We are back to Li Bai again. This is a beautiful little poem I translated some 3 years ago, which has never seen the light of day. Here we go. Let us enjoy it. And share with me your views kind or otherwise.
Li Bai (701-762): View of Tianmen Mountain
1 Through Tianmen’s twin-peak portal, the mighty River churns;
2 East rolls its water all turquoise, till here, its course it turns.
3 Why, green cliffs burst into sight, on banks both left and right;
4 From afar where the sun adjourns, O my solitary sail returns.
Translated
by Andrew W.F. Wong (Huang Hongfa) 譯者:黃宏發
4th
June 2010 (revised 11.6.10; polished 2.5.13)
Translated from the original - 李白: 望天門山
Translated from the original - 李白: 望天門山
1 天門中斷楚江開
2 碧水東流至此回
3 兩岸青山相對出
4 孤帆一片日邊來
Notes:
* This English rendition is in hexameter (6
metrical feet) while the original is in 7-character lines. The rhyme scheme is AAXA as in the original.

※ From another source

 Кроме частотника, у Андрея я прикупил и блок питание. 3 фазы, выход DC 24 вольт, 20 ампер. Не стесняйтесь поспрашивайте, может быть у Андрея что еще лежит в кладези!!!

* Title and line 1: 天門, literally “Heavenly/Heaven’s Portal” is the name of a 山 “Mountain”, hence “Tianmen Mountain” in the title. In line 1, it is simply rendered as “Tianmen(‘s)”

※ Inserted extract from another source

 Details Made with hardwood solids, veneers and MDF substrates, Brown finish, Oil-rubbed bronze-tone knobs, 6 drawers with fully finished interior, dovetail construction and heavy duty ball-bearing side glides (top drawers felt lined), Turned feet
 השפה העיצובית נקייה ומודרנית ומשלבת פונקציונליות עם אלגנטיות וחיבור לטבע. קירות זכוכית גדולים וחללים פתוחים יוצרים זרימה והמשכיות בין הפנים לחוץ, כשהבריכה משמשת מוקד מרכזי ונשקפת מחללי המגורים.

with the ideas of “heaven” and “mountain” covered in my rendering 中斷 as “twin-peak portal”. The said mountain, in present day Anhui 安徽 Province, assumes the appearance of being “cut”

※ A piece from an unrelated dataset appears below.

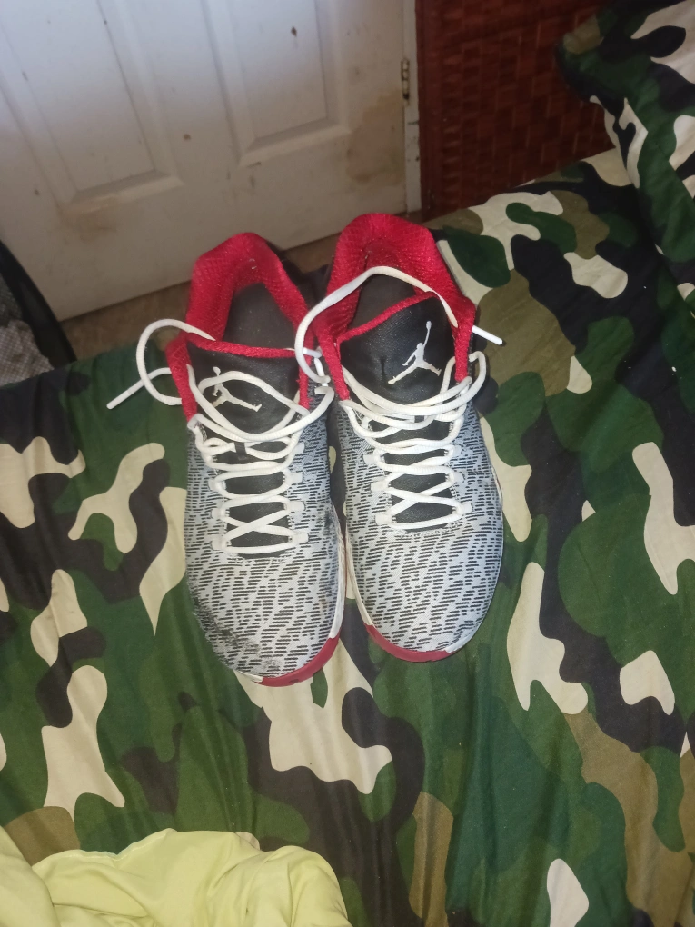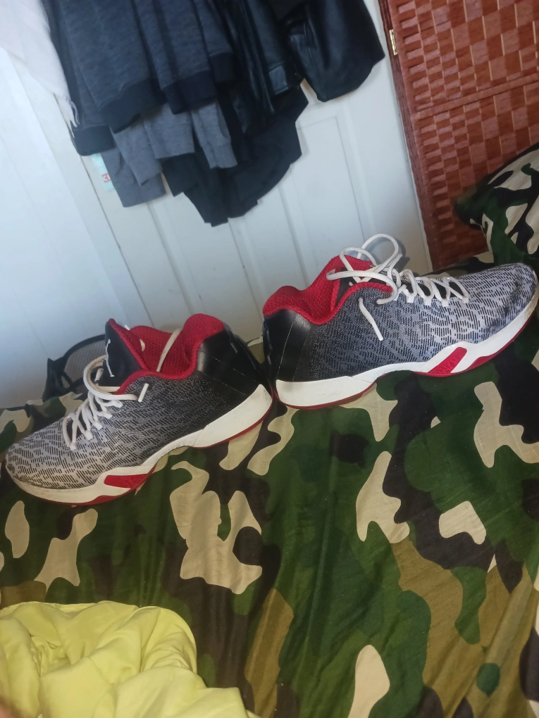 Selling a pair of Air Jordan 29 Low basketball shoes. They feature a grey and black patterned upper with red accents on the lining and sole. Great for playing ball or casual wear!

斷 in the “middle” 中 into two peaks by the “Long” 長 (or “Yangzi” 揚子) “River” 江. The 楚江 “Chu River” referred to in the poem was the name of this section of
the Long River. I have translated 開 (meaning open/break open) as “through” and have picked
“churns” both for the meaning of agitated water movement and for the rhyme.
* Line 2:
For 碧 I had considered variously “aquamarine”,
“aqua”, “bluish”, “aqua-blue”, "of turquoise" and "a-turquoise" but have now decided
for “all turquoise”. 回 here does not mean “return” but should be taken
as 迴 which means “turn/twist/meander”. I had considered “the river-course turns”, “it
meanders, it turns”, “it meanders and turns”, “meandering, it turns” and “due
north it turns”, but have now decided for “its course it turns”.
* Line 3:
This is a motion picture of sailing downstream (generally eastwards) on
the Long River through Tianmen Mountain passing cliff after cliff. 相對 (facing) 出
(appear/emerge) should be visualized not as cliffs facing each other but as
facing the sailboat and its passenger and is, therefore, rendered as “burst
(or thrust/rush) into sight”.
* Line 4: 日邊 is open to interpretation.
Although I do not believe it means where the sun rises or sets, but
simply “far/afar/faraway” and is equivalent to 天邊/際 (literally the fringe/edge of the sky/heaven), I have nonetheless
added “where the sun adjourns” (to stand for the west from where the poet
sailed) for the internal rhyme of “adjourns-returns” to parallel the internal
rhyme of “sight-right” in line 3. 來
which means "come/arrive" is narrowed down to mean 回來 "returns" both for the rhyme and for the mood of returning to a land of the poet's pleasant memories.